Vocal Landscapes: Bodies, Language and Place

Amelia Crouch in conversation with David Cooper

Location: Manchester Metropolitan University
Year: 2016

Vocal Landscapes examined the role of language within experiences of place. Referencing locations such as the Lake District and the West Yorkshire estate of Whitley Beaumont, artist Amelia Crouch and literary geographer David Cooper discussed how forms of language are used to govern, frame and re-inscribe particular places. Drawing on their individual research, the speakers also considered how place writing and visual art can expose the inherent tensions and hidden voices of landscapes, by attending to the intertextuality of place.

Amelia Crouch is an artist whose work plays with words as simultaneously material and symbolic signifiers. Her work is often inspired by a particular location, and projects have included using words to describe visual images, creating an artist’s book from interviews with members of the public, and mimicking the language of public signage to inform people’s encounters with a place.

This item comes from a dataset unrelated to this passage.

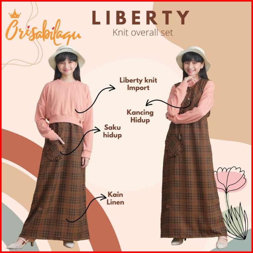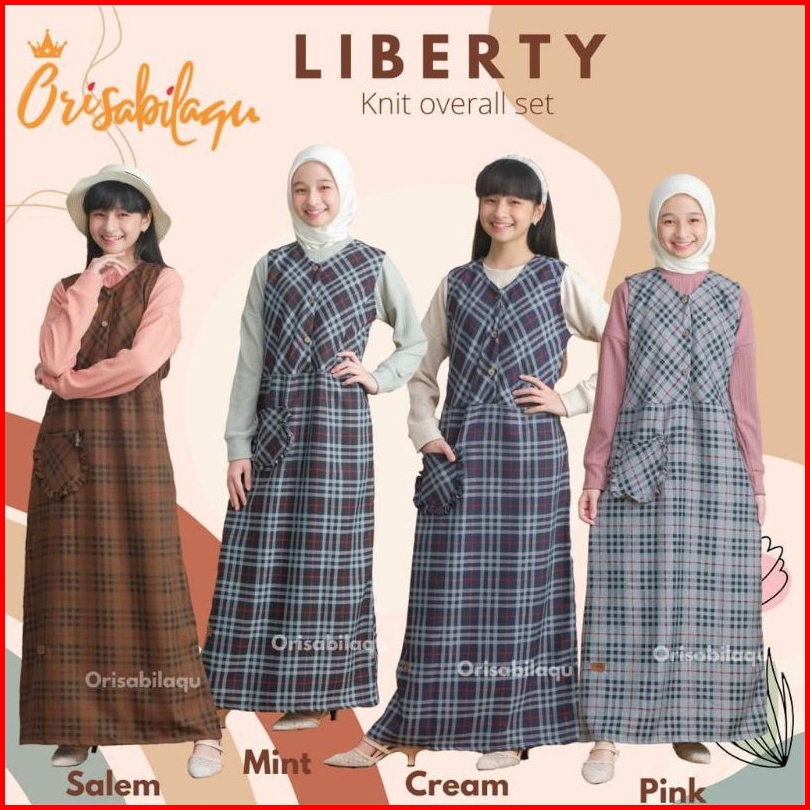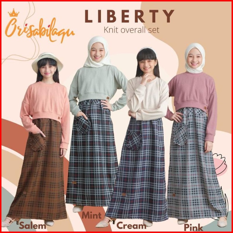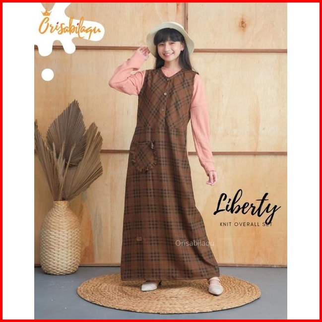 6-14t Liberty Knit Overall Set By Orisabilaqu Setelan Lengan Panjang Knit Linen Overall Anak Cewek Tartan Set

She is particularly interested in the interaction of visual and verbal modes of representation, linguistic ambiguity, and bodily or spatial codes, such as shaking hands or walking in the landscape.
Dr David Cooper is Senior Lecturer in English at Manchester Metropolitan University. His research focuses on literary geographies: the ways in which creative writers (primarily poets) think geographically; and how contemporary theoretical thinking on space, place and landscape can inform critical practices. Areas of interest include: post-war/contemporary British and Irish landscape writing; literary cartography and digital mapping; and the relationship between critical and creative practices. The Lake District commonly features as a testing ground for his approaches and ideas.